* Data extracts *
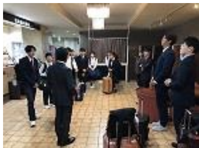
ホテル発。中学校へ向かいます
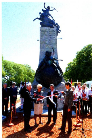
Las autoridades presentes inauguran el Paseo Suizo

Con el empeño de desarrollar espacios de pensamiento, expresión y educación, comenzaron los tradicionales talleres y cursos de idiomas abiertos a la co-
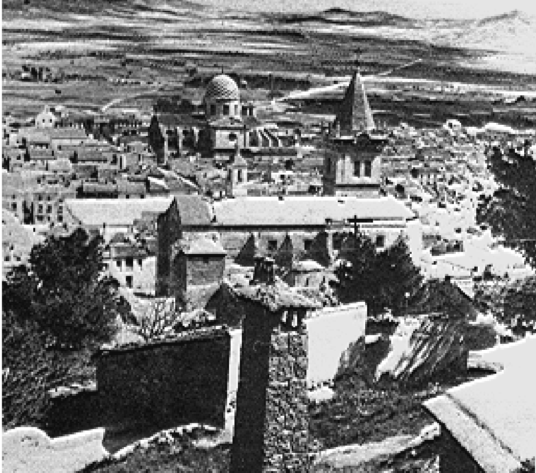
Yecla (Murcia). Vista parcial
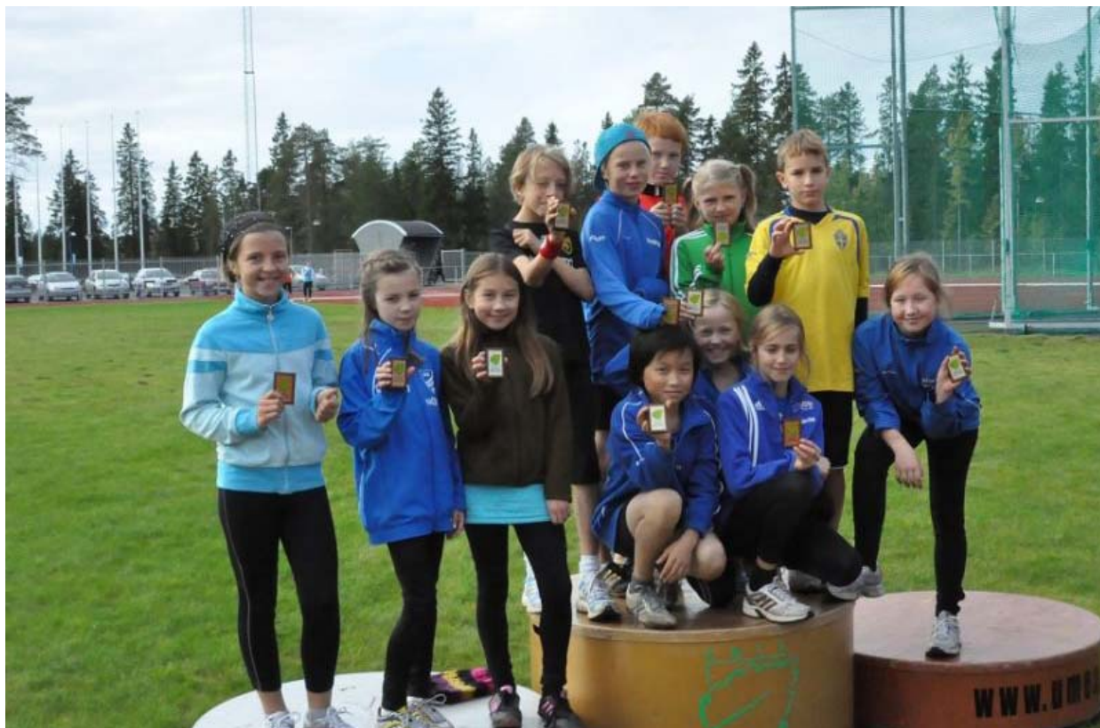
Umeå Öppna på Campusarenan i Umeå den 17 september 2011

Varje aktiv får starta i max 3 grenar plus stafett. Sista anmälningsdag fastställs av arrangören, den skall dock inte läggas tidigare än 14 dagar före tävlingen.

* Aim of the task *
Without any pictures, restate word for word only the lines from the one with "Yecla (Murcia). Vista parcial" through the end of the listing.

* Answer area *
Yecla (Murcia). Vista parcial
Umeå Öppna på Campusarenan i Umeå den 17 september 2011

Varje aktiv får starta i max 3 grenar plus stafett. Sista anmälningsdag fastställs av arrangören, den skall dock inte läggas tidigare än 14 dagar före tävlingen.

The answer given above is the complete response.